Their discomfort reminds me, an American expat, of the tensions I felt nearly two decades ago as a young physician practicing in the racially-charged city of Philadelphia. There, waiting-room denizens held their breaths as broadcasters in Los Angeles announced the verdict in O.J. Simpson’s murder trial. Here and now in Israel, the jury is still out as to whether we will be able to shed the troubling status of mutual pretense among Arab and Jewish patients who feign attitudes of business as usual. In reality, previously empathetic efforts to buoy fellow cancer patients fail while authentic thoughts and feelings are no longer exchanged or even exposed.
As a cancer doctor, I know that many deaths do not show up in the daily “box score.” I know also that, with recent fighting, numbers of no-shows have dramatically risen. Summer vacations aren’t to blame. Patients defer vacations to undergo life-prolonging treatment. Likewise, attendance hasn’t declined because of Ramadan observance. Last year also, the month-long Islamic fast occurred in July without reduction in our waiting-room populations. So I have to wonder: are some afraid to leave home with mortar shells flying? Or, are patients no longer drawn to wait without the company of warm hugs? Whatever the problem, oncologic consequences are certain to be grave. Delaying or prolonging cancer treatment is known to compromise survival for a variety of tumor types.

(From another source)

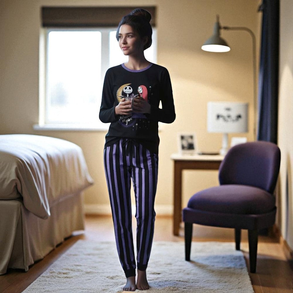 The set consists of a purple and black striped pant, designed to keep you warm on cold nights. Additionally, the t-shirt features the iconic Jack and Sally characters, giving it a fun, thematic touch.

Treatment “time outs” allow malignant cells opportunity to fortify themselves, often with fatal outcomes for cancer patients.
A colleague mentioned to me that her mother had died of an analogous type of secondary wartime consequence, a phenomenon known now in her family as “collateral damage.” At the start of 1942, just after Pearl Harbor had been bombed, Americans were scrambling to prepare for war at home while soldiers shipped out to fight in foreign territory. President Roosevelt instituted a rationing program requiring coupons for purchase of items ranging from meat and butter to typewriters and gasoline. Scarce medicines—including the recently discovered penicillin—were sent overseas to aid troops, leaving civilian hospitals with inadequate supplies.

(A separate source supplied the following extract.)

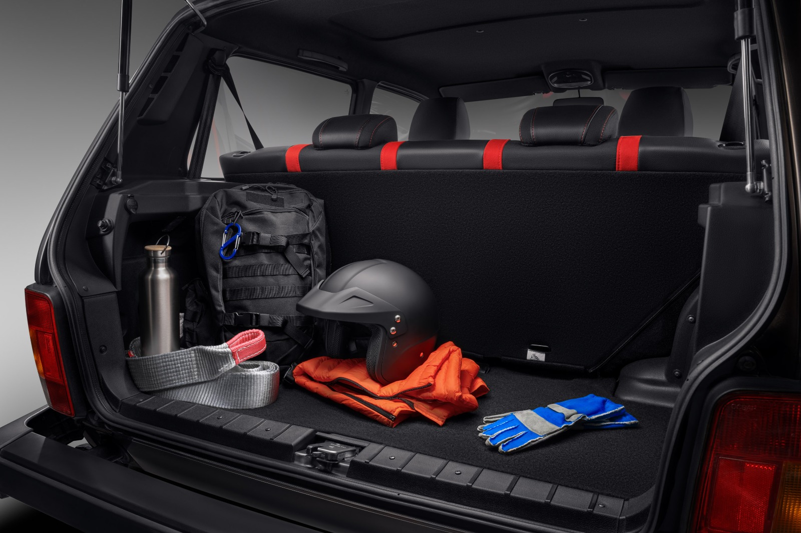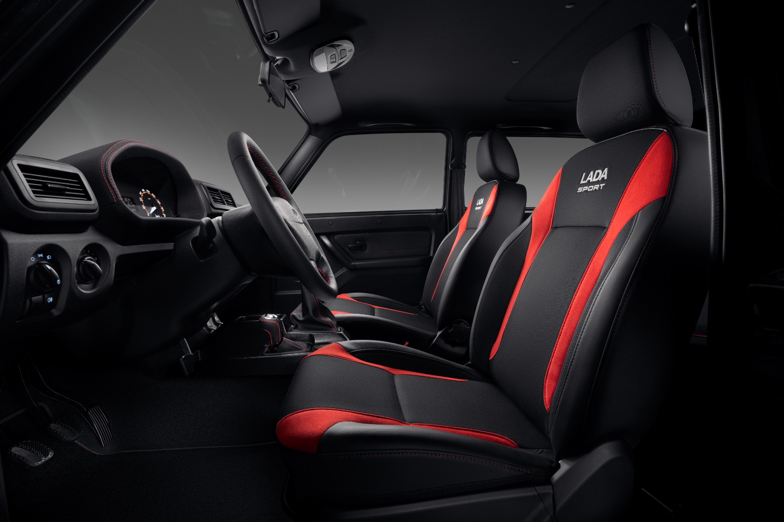 - Interior dinamic: Habitaclul în tonuri negru-roșu prezintă logoul LADA Sport pe scaune, volan reglabil îmbrăcat în piele și manete unice pentru cutia de viteze și cea de transfer.

After my colleague’s mother had come down with pneumonia, her local clinic’s triage panel declined to release antibiotic. They allowed the 38-year-old woman to die of a curable infection. A Google search doesn’t reveal how many people met with similar fate, but with frustration, I know that today, around our hospital, the same category of gratuitous death hovers.
In general, physicians have been mindful of maintaining a heightened level of professionalism that is not influenced by political leanings during the current war. At my hospital, a memo in fancy Hebrew reinforces the simple fact that people are people and must be cared for accordingly. Down the road in Ramat Gan, deputy director of the Sheba Medical Center, Professor Rafi Walden—also the leader of the local Physicians for Human Rights chapter, as well as son-in-law of Shimon Peres—states that his hospital admitted 50 Gazan patients yesterday and will continue to admit Gazans even if there is no reimbursement from the PA.

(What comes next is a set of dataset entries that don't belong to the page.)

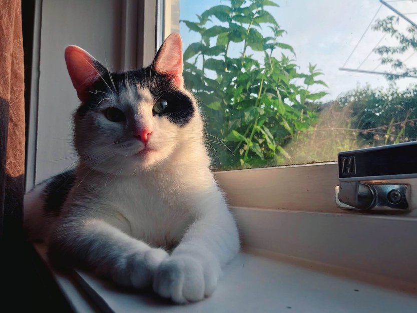 Kun sort over det ene øyet (se bildet). Rosa nese. Kastrert.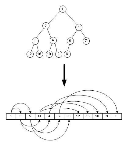 2)树是完全平衡的,并且最后一层的树叶都在最左边这样就定义了一个最大堆。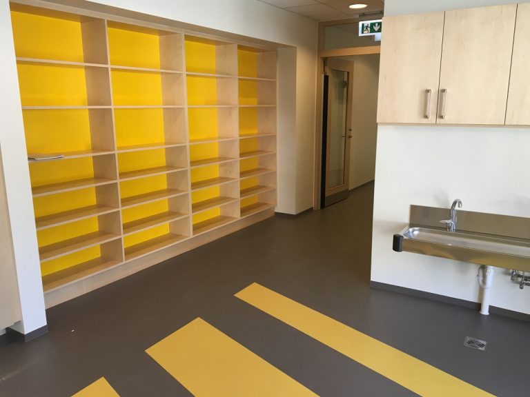 Sérstökum flekum hefur, sem dæmi, verið komið fyrir í rýmum og göngum byggingarinnar svo að hljóðvist hússins verði sem bærilegust og með sérstökum veggborðum, sem leggja má upp vegg, er leitast við að nýta sem best rými til bæði starfs og leiks. Framkvæmdir hafa gengið vel, þrátt fyrir heldur válynd veður á byggingartíma.

Although, by classic definition, oncology waiting rooms may not qualify as war-zone frontiers, behavior may say otherwise. Grounded in tenets of professionalism, doctors, so far, continue their medical ministries. However, one of the many tragedies of the current conflict is that patients have surrendered their boundless capacity to identify with the narratives of the neighbors they once loved.